* _What needs to be done_
The answer should be the records below, word for word, with every image left out.

[Material to process]

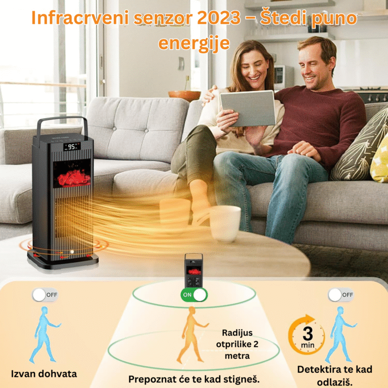Prijenosni grijač s ventilatorom iz 2023. omogućuje brzo zagrijavanje za samo 3 sekunde, zahvaljujući PTC keramičkoj tehnologiji i širokoj oscilaciji koja ravnomjerno raspoređuje toplinu po prostoriji. Infracrveni senzor automatski detektira prisutnost i uključuje ili isključuje uređaj, štedeći energiju i pružajući dodatnu udobnost. S realističnim efektom kamina, ultra tihim radom i integriranom ETL zaštitom, idealan je izbor za spavaću sobu, ured ili garažu.
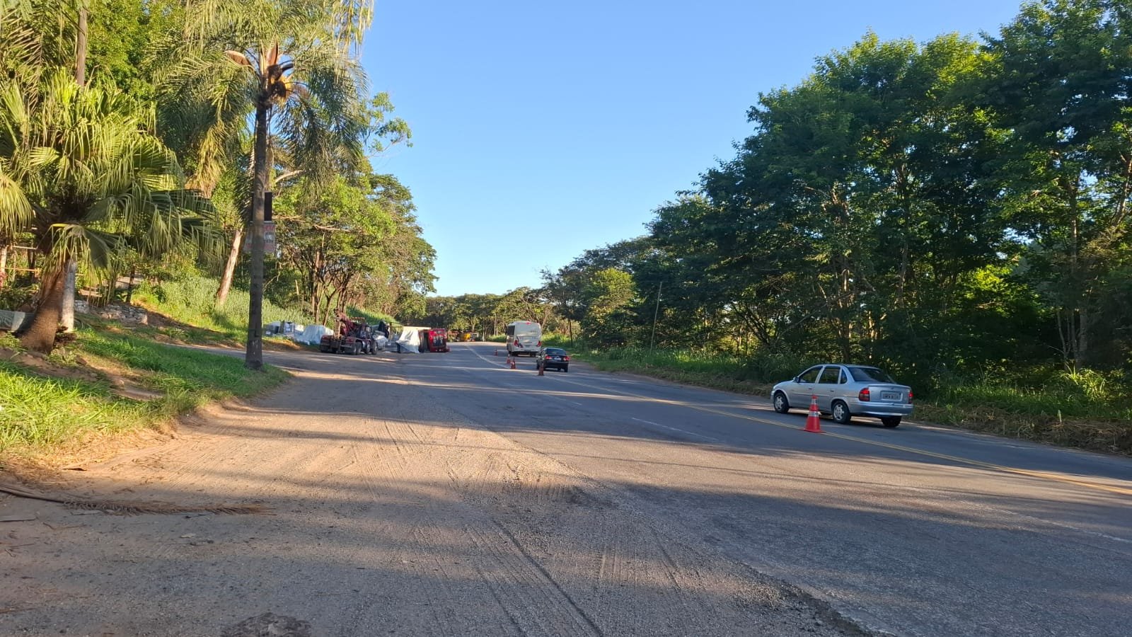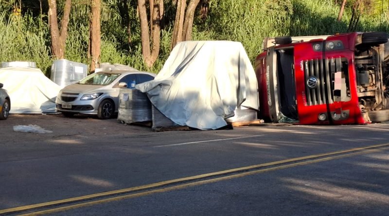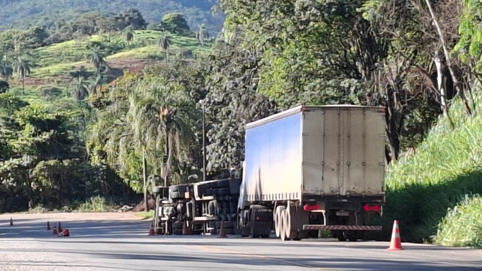 O acidente aconteceu no sentido João Monlevade, o condutor do veículo não teve ferimentos, a carga está sendo baldeada para outra carreta e equipes de socorro já estão no local para fazer o destombando do veículo.
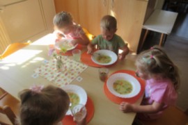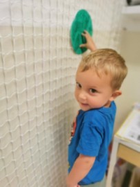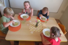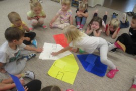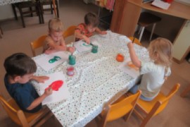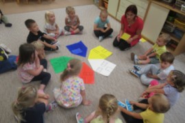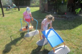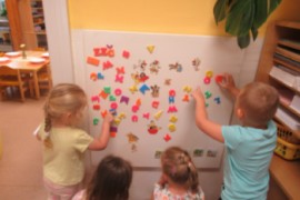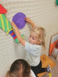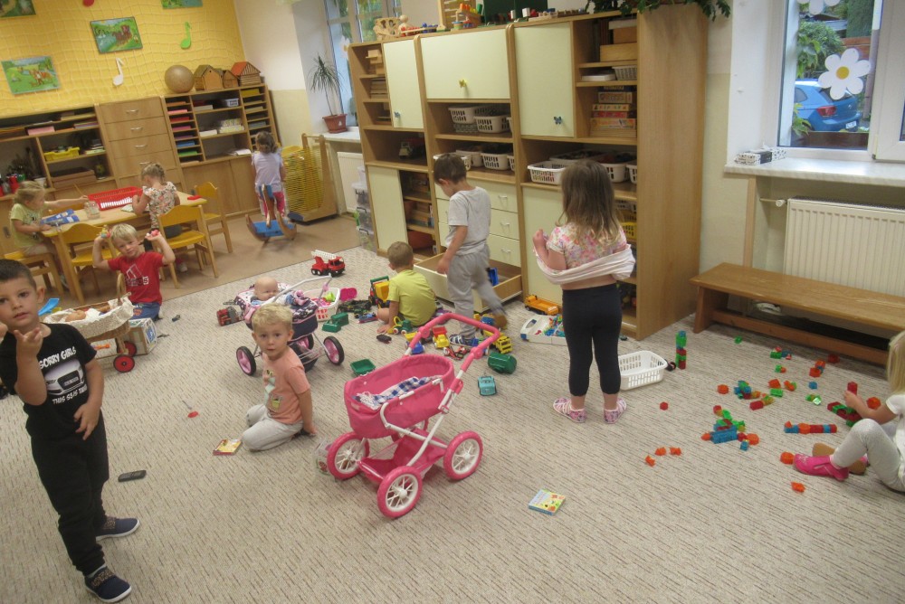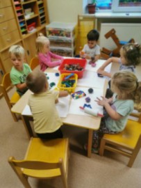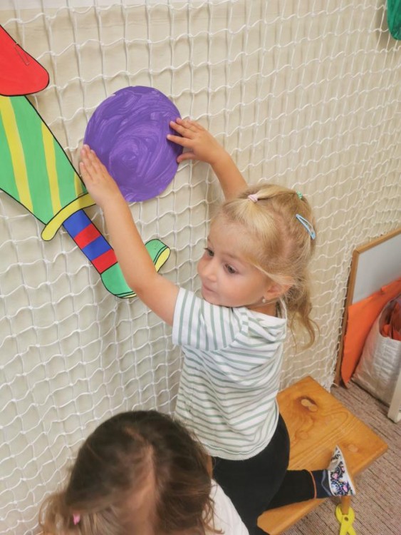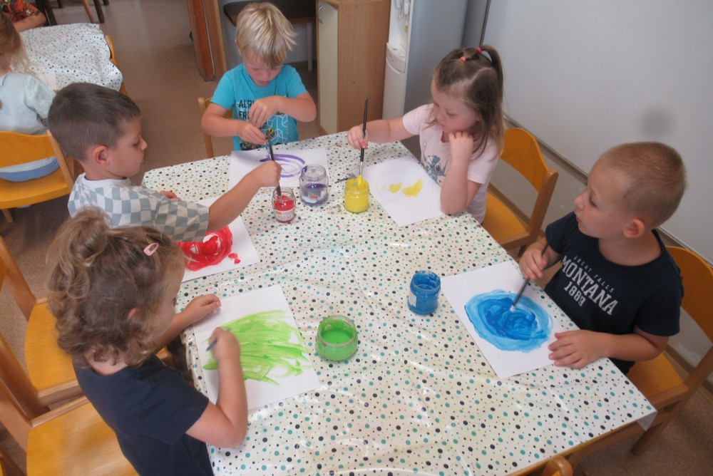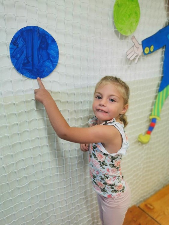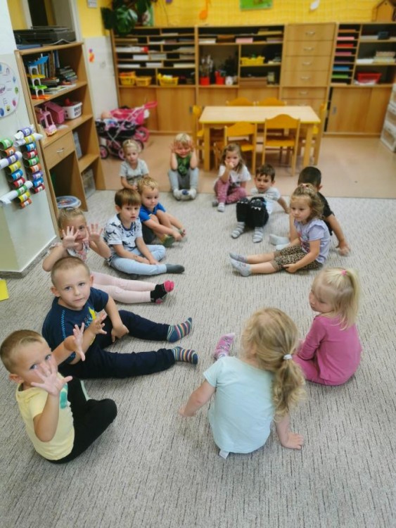 První týden s dětmi ve školce byl převážně seznamovací. Děti si na vybraly značku, našly si svá místa u stolečků a v šatně. Jak se správně sedí u stolečků? To přeci už každý ví a kdo neví, tak se to naučí. Děti si opakovaly a seznamovaly se s barvami pomocí barevných domečků. Našemu šášovi děti vytvořily mnoho barevných balónků. Nejdříve malovaly balónky temperovou barvou. Šášovi se balónky moc líbily a děti si mohly vybrat, kam jejich namalovaný balónek šášovi umístí. Kam patří hračky a kdy se uklízí? naučíme se správně třídit a rovnat stavebnice....Zahráli jsme si také na muzikanty. Zpívali jsme jednoduché písničky za doprovodu dřevěných tyček.
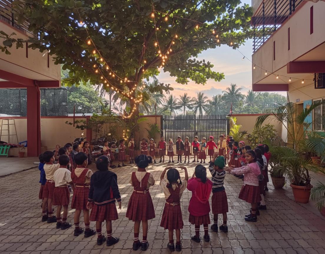 We follow the Karnataka State Board Curriculum from Pre-KG to 10th Std, enriched with:
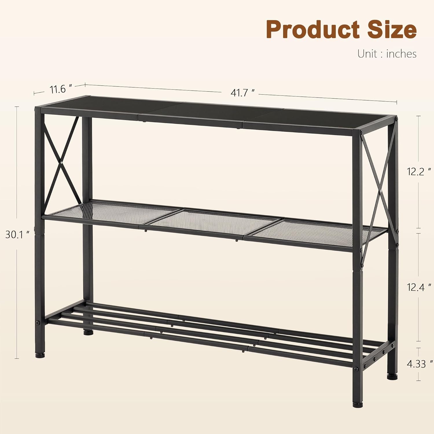 - ă3-Tier Large Storage Spaceă42" x 12" long table top offers more storage space without occupying much space for various display options. 2-Tier shelves beneath the wooden shelf offer extra space for your books, plants, shoes, bags, or boxes to keep your essentials. The sofa entry table puts all daily essentials at your easiest reach.
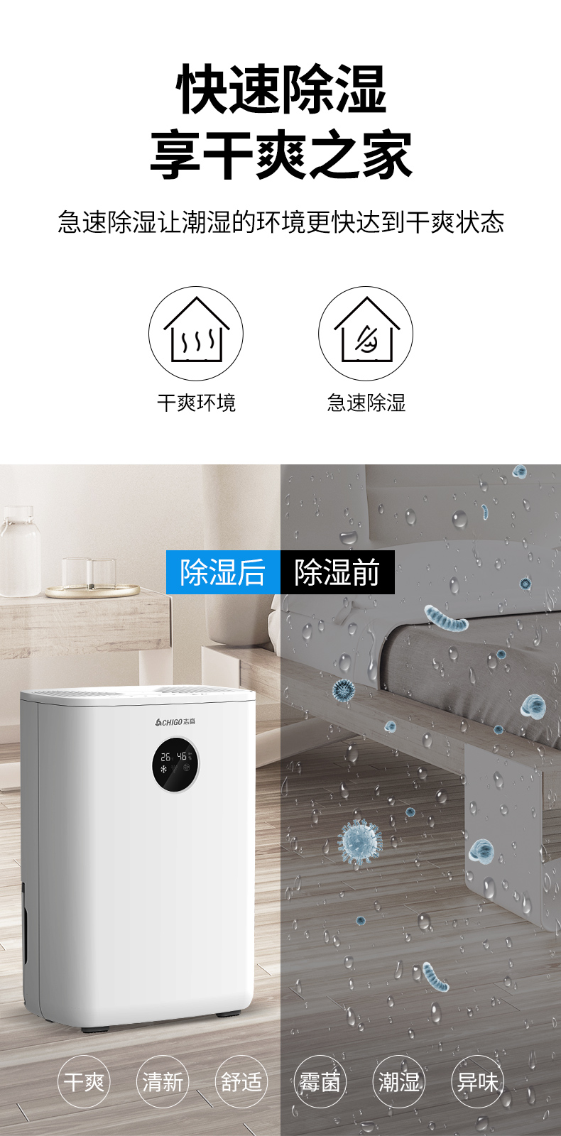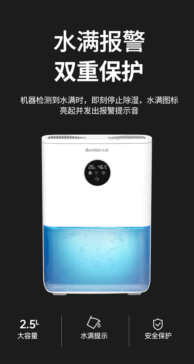 家用除湿机 冷凝除湿 节能省电 轻音低噪 水满报警

[/Material to process]

* _Written response_
Prijenosni grijač s ventilatorom iz 2023. omogućuje brzo zagrijavanje za samo 3 sekunde, zahvaljujući PTC keramičkoj tehnologiji i širokoj oscilaciji koja ravnomjerno raspoređuje toplinu po prostoriji. Infracrveni senzor automatski detektira prisutnost i uključuje ili isključuje uređaj, štedeći energiju i pružajući dodatnu udobnost. S realističnim efektom kamina, ultra tihim radom i integriranom ETL zaštitom, idealan je izbor za spavaću sobu, ured ili garažu.
 O acidente aconteceu no sentido João Monlevade, o condutor do veículo não teve ferimentos, a carga está sendo baldeada para outra carreta e equipes de socorro já estão no local para fazer o destombando do veículo.
 První týden s dětmi ve školce byl převážně seznamovací. Děti si na vybraly značku, našly si svá místa u stolečků a v šatně. Jak se správně sedí u stolečků? To přeci už každý ví a kdo neví, tak se to naučí. Děti si opakovaly a seznamovaly se s barvami pomocí barevných domečků. Našemu šášovi děti vytvořily mnoho barevných balónků. Nejdříve malovaly balónky temperovou barvou. Šášovi se balónky moc líbily a děti si mohly vybrat, kam jejich namalovaný balónek šášovi umístí. Kam patří hračky a kdy se uklízí? naučíme se správně třídit a rovnat stavebnice....Zahráli jsme si také na muzikanty. Zpívali jsme jednoduché písničky za doprovodu dřevěných tyček.
 We follow the Karnataka State Board Curriculum from Pre-KG to 10th Std, enriched with:
 - ă3-Tier Large Storage Spaceă42" x 12" long table top offers more storage space without occupying much space for various display options. 2-Tier shelves beneath the wooden shelf offer extra space for your books, plants, shoes, bags, or boxes to keep your essentials. The sofa entry table puts all daily essentials at your easiest reach.
 家用除湿机 冷凝除湿 节能省电 轻音低噪 水满报警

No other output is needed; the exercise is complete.